Author:Caroline Tasty
Prep Time:10 minutes
Cook Time:35 minutes
Total Time:45 minutes
Yield:4 servings
Category:Main Course
Method:One-Pot Cooking
Cuisine:Spanish
Diet:Gluten-Free
Ingredients
Scale
Bone-in or boneless chicken thighs
1 cup long-grain rice
1 cup diced tomatoes
1 cup chicken broth
1 medium onion, finely chopped
2 cloves garlic, minced
1 red bell pepper, diced
2 tbsp olive oil
1 tsp smoked paprika
1 tsp cumin
1 tsp oregano
Salt and pepper to taste
Chopped parsley or cilantro for garnish
Lemon wedges for serving
Instructions
Prep ingredients: Finely chop onion, mince garlic, dice red bell pepper. Pat chicken thighs dry and season with salt and pepper.
Brown the chicken: Heat olive oil over medium-high in a Dutch oven. Place chicken skin-side down until golden, about 5-6 minutes, then flip and cook for 3-4 minutes more. Remove from pot.

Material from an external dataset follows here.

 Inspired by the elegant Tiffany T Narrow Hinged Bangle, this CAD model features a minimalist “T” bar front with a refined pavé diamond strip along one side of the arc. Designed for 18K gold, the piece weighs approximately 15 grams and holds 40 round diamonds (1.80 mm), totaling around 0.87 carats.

Sauté the veggies: Lower heat to medium, add onion and red pepper. Cook for 4 minutes, then add garlic for 1 minute until fragrant.
Add spices and rice: Stir in smoked paprika, cumin, oregano, and coat veggies. Add rice and toast for 1-2 minutes.

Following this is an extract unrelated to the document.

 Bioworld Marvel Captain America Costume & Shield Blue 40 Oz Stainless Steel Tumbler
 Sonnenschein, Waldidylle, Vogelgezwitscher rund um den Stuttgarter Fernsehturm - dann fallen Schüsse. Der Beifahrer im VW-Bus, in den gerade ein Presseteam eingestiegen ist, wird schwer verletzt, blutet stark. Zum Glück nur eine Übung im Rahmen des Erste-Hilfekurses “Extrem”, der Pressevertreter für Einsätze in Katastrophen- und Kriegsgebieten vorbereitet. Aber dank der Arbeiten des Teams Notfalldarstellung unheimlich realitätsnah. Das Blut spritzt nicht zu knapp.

Add liquids and chicken: Pour in diced tomatoes and chicken broth, stir, then nestle chicken skin-side up into pot.
Simmer covered: Bring to a boil, reduce to low, cover tightly, and simmer for 20-25 minutes until rice is tender and chicken reaches 165°F internal temperature.
Rest and finish: Remove pot from heat and let sit covered for 5 minutes.
Garnish and serve: Sprinkle with chopped parsley or cilantro and serve with lemon wedges.
Notes
Brown chicken in batches to avoid steaming. Let the pot rest before serving for even cooking.